** Supplied data follows **
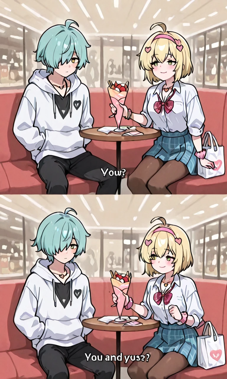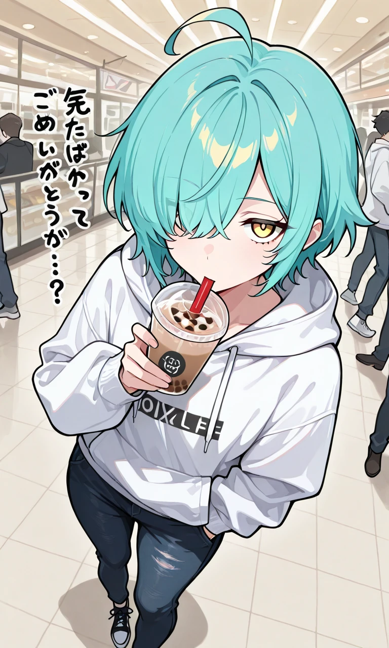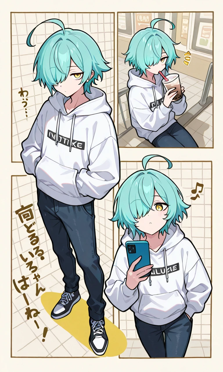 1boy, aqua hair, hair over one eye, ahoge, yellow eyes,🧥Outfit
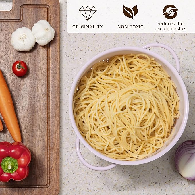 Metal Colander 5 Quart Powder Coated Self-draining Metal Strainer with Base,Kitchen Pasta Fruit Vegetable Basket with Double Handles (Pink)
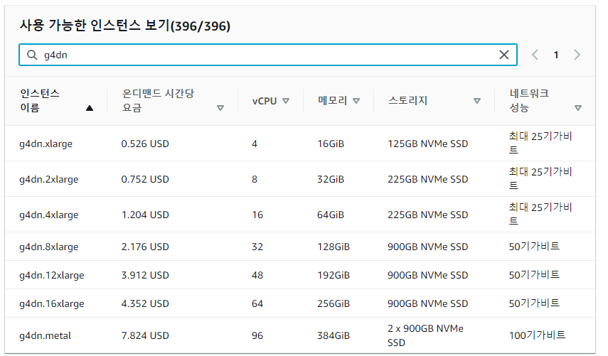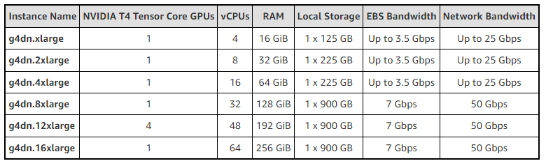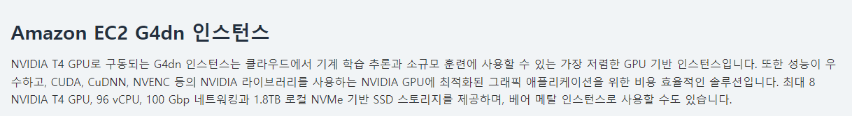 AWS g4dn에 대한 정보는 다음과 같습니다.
** End of Supplied data **
--- Your task ---
Without any pictures, repeat the listing exactly.

--- Answer for the task ---
 1boy, aqua hair, hair over one eye, ahoge, yellow eyes,🧥Outfit
 Metal Colander 5 Quart Powder Coated Self-draining Metal Strainer with Base,Kitchen Pasta Fruit Vegetable Basket with Double Handles (Pink)
 AWS g4dn에 대한 정보는 다음과 같습니다.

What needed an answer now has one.